Nyeri county chair of the Kikuyu Council of Elders, Mr Muthoga Kirethi, responded to the church over its remarks in a way that indicates that there could be a gap between the church and them if not revisited and solved amicably.
This is what he said, “That is unwarranted and misguided. We do not rival the church by embracing our culture. In fact, we were born Kikuyu first before we joined the mainstream churches. People can opt to leave a church but you can never stop being Kikuyu.”
The debate has gained traction on social media; especially on Whatsapp groups.

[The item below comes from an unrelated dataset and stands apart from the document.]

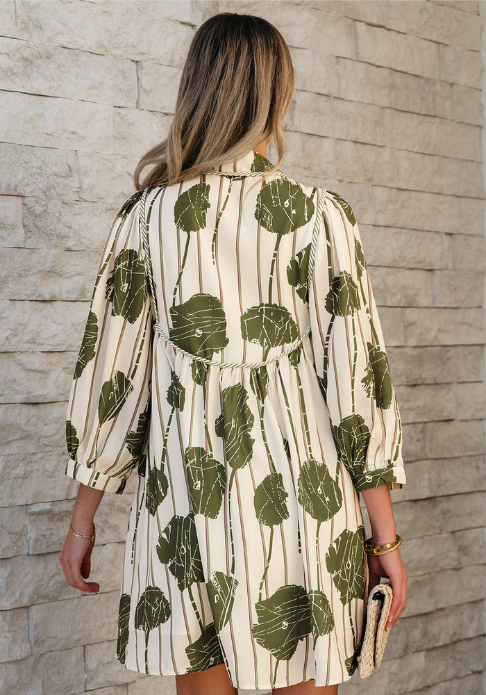 Guacamole Green Floral Striped Print Contrast Piping Puff Sleeve Dress

Advocate Wahome Thuku, for instance, supported the church, saying: “PCEA only restricts its elders and deacons because they have voluntarily taken vows to serve the church; while others have demonstrated their anger and gone to an extra mile of disobeying the church order.
I want to have my say on this and give my two cents; take it or leave it.
Lets theologically and philosophically analyze this. In Acts 21:23-26, we note that Apostle Paul was previously against the necessity of following the Law (Gal. 2; Acts 15). Moreover, the author of Hebrews considers animal sacrifices as a case of apostatizing from Christ. Did Paul succumb to pressure in offering this sacrifice at the Temple? And how did he handle this?
The “vow” (Acts 21:23) most likely refers to the Nazarite Vow (Num. 6:1ff). If an individual wanted to take the Nazarite Vow, he would voluntarily give up wine, grapes, raisins, haircuts, and going near dead bodies (Num. 6:3-6). After he grew out his hair, he was to bring a one year old lamb and one ram (Num. 6:14). He would also bring food, grain, and drinks to offer (Num. 6:15). Then the priest would offer his sin offering before the Lord (Num. 6:16). Afterwards, the man would shave his head and offer this on the fire (Num. 6:18). The Nazirite would receive back some of the sacrifice (Num. 6:19). The rest of the sacrifice was to be a “wave offering” before God (Num. 6:20).
The Nazarite Vow was not a standard sin offering. For one, it is a “special vow” that a Jewish person could make to “dedicate himself to the LORD” (Num. 6:2).
We simply do not have enough details about the nature of this sacrifice and purification ceremony to make a judgment about Paul’s decision.
For one, the Nazarite Vow was a “special offering,” not a standard animal sacrifice. If an animal sacrifice was included in this ceremony, then we could resolutely say that Paul made a mistake in trying to contextualize this far. However, it’s also possible that the animal sacrifice was left out, and the four men merely brought their hair as the sacrifice. Whatever the case, God seems to have interrupted this event, perhaps showing that Paul shouldn’t have put himself in this situation in the first place.
Before the church was in Africa, African Traditional Culture was there and they used to worship God from where they believed was His sacred places. From the Hills, trees and in vallies.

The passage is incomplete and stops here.